In July 2018 the Department set out eligibility criteria for non-National Health Service organisations to apply for additional funding to implement the Agenda for Change (AfC) deal in 2018/19. The criteria requires non-NHS organisations, including hospices, to provide NHS services and employ existing and new staff on the AfC contract. In addition, that the NHS services they provided are funded by the Hospital and Community Health Services or Public Health Grant funding. Funding is linked to the direct costs of implementing the entire AfC pay deal which includes pay and non-pay reforms, not just headline pay.
For the final two years of the deal, 2019/20 and 2020/21, funding has been provided to NHS England as part of the Long Term Plan. While we cannot intervene in local contracting arrangements, we expect that commissioners and hospices will want to engage in conversations about how extra funding for the final two years of the deal might be passed on, on a similar ‘something for something’ basis which applies to directly employed NHS staff.
In addition to the long-term funding settlement for the NHS, HM Treasury committed to providing extra funding to meet the costs to the NHS arising from the ongoing actuarial valuation of the NHS Pension Scheme. Work is ongoing to ensure the additional cost to participating employers, including hospices, is appropriately funded. Discussions are underway with NHS England and NHS Improvement to determine the optimum method for distributing this funding to NHS commissioners and service providers. Arrangements will be confirmed in due course.

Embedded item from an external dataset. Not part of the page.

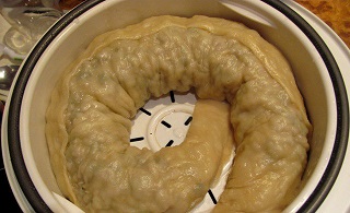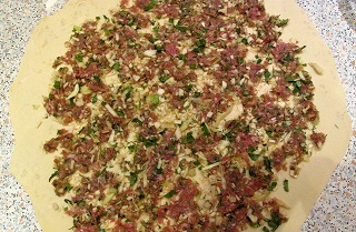 В фарш добавляем лук и соль и тщательно его перемешиваем. Достаем наше тесто, раскатываем его в равномерную лепешку и выкладываем на нее фарш. Полученное тесто сворачиваем в рулет и защипываем края.

NHS England recognises that children’s palliative and end of life care has not kept pace with growth in clinical care cost or inflation. NHS England’s hospice grant programme currently provides £11 million a year for children’s hospices, helping to provide care and support to children and their families close to home in their final days.

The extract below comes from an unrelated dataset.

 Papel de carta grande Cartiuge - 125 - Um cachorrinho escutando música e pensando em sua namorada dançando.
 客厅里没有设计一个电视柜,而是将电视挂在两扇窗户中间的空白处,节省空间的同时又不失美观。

As part of the NHS Long Term Plan, subject to clinical commissioning groups (CCGs) providing match funding, additional funding will be available each year for children’s palliative and end of life care services, with NHS England’s contribution increasing by up to £7 million a year by 2023/24. Therefore, if this is matched by CCGs, total funding will increase over the next five years to £25 million a year by 2023/24.
NHS England has also commissioned Hospice UK to undertake an evaluation of the cost effectiveness of hospice-led interventions in the community. Although there many such care models across England, there is insufficient data on what the most effective approaches are, making it difficult for CCGs to confidently commission these services. This project will examine hospice-led initiatives that appear to be having a positive impact on where people are cared for as well as where they die. The final results are expected for publication shortly.
Local authorities are responsible for commissioning care and respite placements and for ensuring that the provision of care and support meets the needs of local people. The Department is supporting local authorities to improve commissioning and ensure that their local markets are effective.
The Department has made no formal estimate of the costs of delayed discharge to the National Health Service. It is recognised that such delayed discharges do use resource which could be deployed elsewhere, and all parts of the NHS and those with responsibility outside it, are continually looking for ways in which to reduce the number of delays.